Marketing Yogi: Session 6 HW & Project Announcement

Update - Project related Announcement:

Hi all,

I met a couple of project groups in the past two days who had come seeking inputs and guidance for their project. I found insightful a first-hand view of student perspective of MKTR tools and methods, what they're looking to get out of the project, how some students are combining projects from others courses ('Pricing' for instance) and so on. For the record, I'm fine if you seek to leverage data already collected in other projects for the MKTR one. As long as the D.P and the R.O.s have marketing substance to them.

I will be available during working hours, everyday (except on Tue and Thu) from tomorrow to Sunday 11-Nov in my office 2118 in case any group wants to run their project status by me and get some informal feedback and pointers for the way forward. No formal appointment necessary and its fine if at least half the group shows up (not everybody's schedules may agree). Just call my office extn # 7106 and drop by if I'm in. Bringing a PPT (or printout) of your proposal and plans with you would certainly help.

Sudhir

#############################################

Hi all,

The homework for session 6, due 11-Nov Sunday noon, is described here.

I've putup some 86 user reviews of the Samsung Galaxy S3, pulled from Amazon onto LMS. The AAs aren't in and I'm not that familiar with LMS. So, pls let me know if you are having trouble accessing the datasets.

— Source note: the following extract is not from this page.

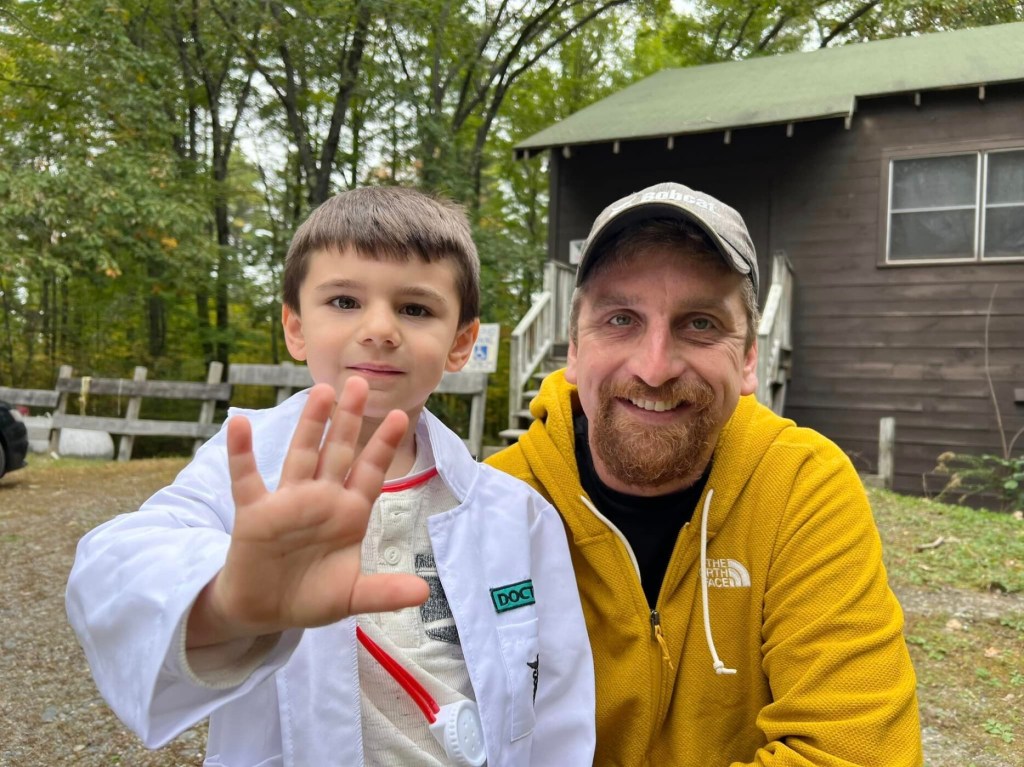 Campion Poulin and his dad Joe Poulin of Oakland ran the archery range. Campion dressed as a skeleton. Joe serves as the Pine Tree Council Training Chair.

The Code to execute the assignment is also putup here (its a minor variation over the classwork code). You are strongly advised to first try replicating the classwork examples on your machine, available in this blog-post, before trying this one.

Your task is to use R to text analyze the dataset. Figure out:
(i) what most people seem to be saying about the product. And thereby interpret a general 'sense' of the talk or buzz around the product.

(ii) List what positive emotions seem associated with the S3. And thereby interpret what S3's strengths are. The business implications of such early signs of Word-of-mouth, instantaneous customer feedback, buzz etc for positioning, branding, promotions, communications and other tools in the Mktg repertoire are easy to see.

(iii) List what negative associations seem to be around. And ideate on how S3's plausible weaknesses and how it can try to defend itself.The business importance of early warning systems, damage assessment and speedy damage control are hard to miss.

Thus, this HW essentially asks you to do this: From a business point of view, interpret from the first few indications of online chatter surrounding the Samsung Galaxy S3 - its SWOT of sorts. Such an activity would normally fall under the rubric of Mktg intelligence perhaps. But tomorrow's world will likely make the Mktg Intelligence-Mktg Research distinctions blurry anyway, perhaps.

Here's the code for analysis:

## ##
## --- Sentiment mining the Samsung Galaxy S3 --- ##
## ##

# first load libraries
library(tm)
library(wordcloud)
library(Snowball)

Now read in data from S3.csv directly.

# Paste reviews in .csv, one per row.
# Do Ctrl+H and replace all commas with blanks in the reviews.
# Now read in each review as 1 doc with scan() as shown below.

x=scan(file.choose(), sep=",",
dec = ".", what=character(),
na.strings = "NA",
strip.white = TRUE,
comment.char = "", allowEscapes = TRUE, flush = FALSE )
x1=Corpus(VectorSource(x)) # created Doc corpus
summary(x1)

If all went well, R will say in blue font "A corpus with 86 text documents". Good.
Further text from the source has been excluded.